## Problem description
Make an exact copy of the lines from the one containing "В сградата има" through the end of the material, including both ends but no pictures.

## Source material
Content starts

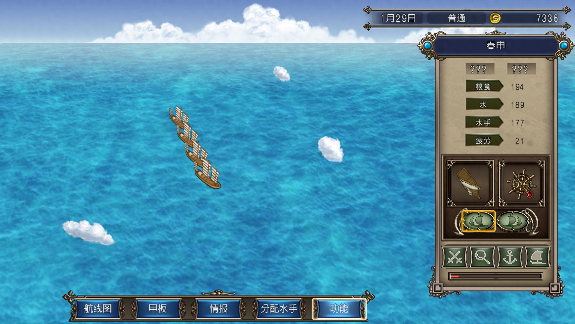 其次,我们可以缩减水手的数量。这一做法能够延缓粮食与水资源的消耗速度。但需要注意的是,减少水手存在一个底线,那就是必须保证必要的水手人数。一旦水手数量低于这个底线,船只的航行速度就会随之减慢,同时水手的疲劳程度也会上升得更快。
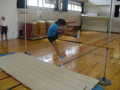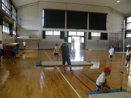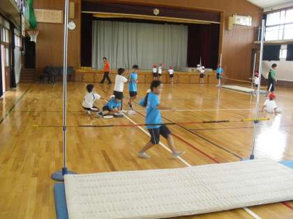 4年生の体育は,体育館で「走り高跳び」を行っています。グループで協力して場の設定をしたり,高跳びのスタンドの高さを変えたりして,一人一人が「はさみ跳び」で自分の記録に挑戦していました。
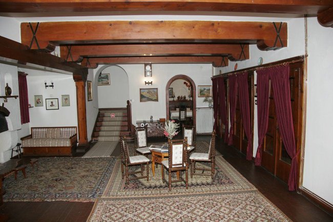 В сградата има голям салон с камина, трапезария и над 10 спални
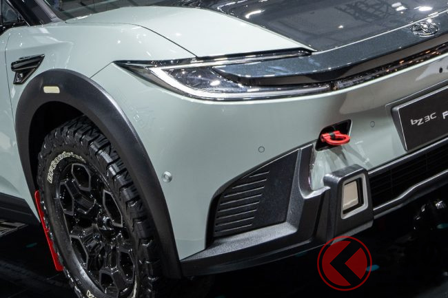 通常のbZ3Cに対し、新たにお披露目されたコンセプトモデルではオフロード走行に適しているさまざまな装備が特徴です。最低地上高を数センチ上昇、前後バンパーはよりラギッドな見た目のものへと変えており、そのシルエットはまるでまったく別の車種かのようにも見えてきます。
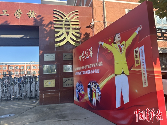 北京市工艺美术高级技工学校教师张宇鹏夺得第47届世赛珠宝加工项目金牌,学校门口立起获奖海报。中青报·中青网记者 李桂杰/摄
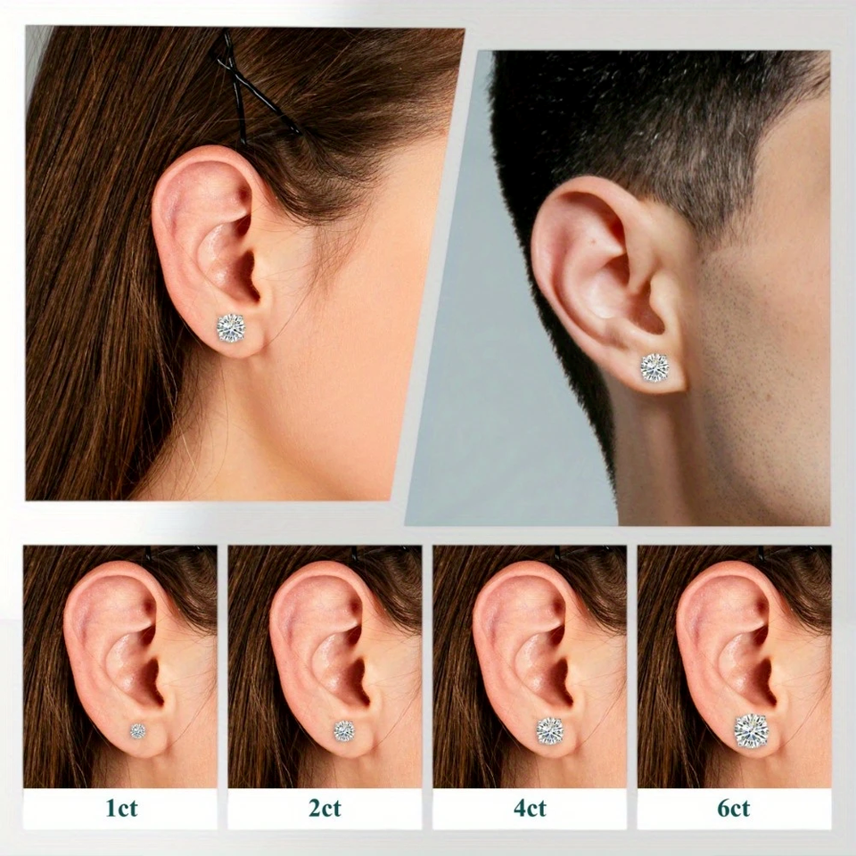 Platinum Plated Sterling Silver 925 Women's Moissanite Stud Earring Wedding Fashion Jewelry Birthday Gift Wedding Engagement

Content ends

## Response
 В сградата има голям салон с камина, трапезария и над 10 спални
 通常のbZ3Cに対し、新たにお披露目されたコンセプトモデルではオフロード走行に適しているさまざまな装備が特徴です。最低地上高を数センチ上昇、前後バンパーはよりラギッドな見た目のものへと変えており、そのシルエットはまるでまったく別の車種かのようにも見えてきます。
 北京市工艺美术高级技工学校教师张宇鹏夺得第47届世赛珠宝加工项目金牌,学校门口立起获奖海报。中青报·中青网记者 李桂杰/摄
 Platinum Plated Sterling Silver 925 Women's Moissanite Stud Earring Wedding Fashion Jewelry Birthday Gift Wedding Engagement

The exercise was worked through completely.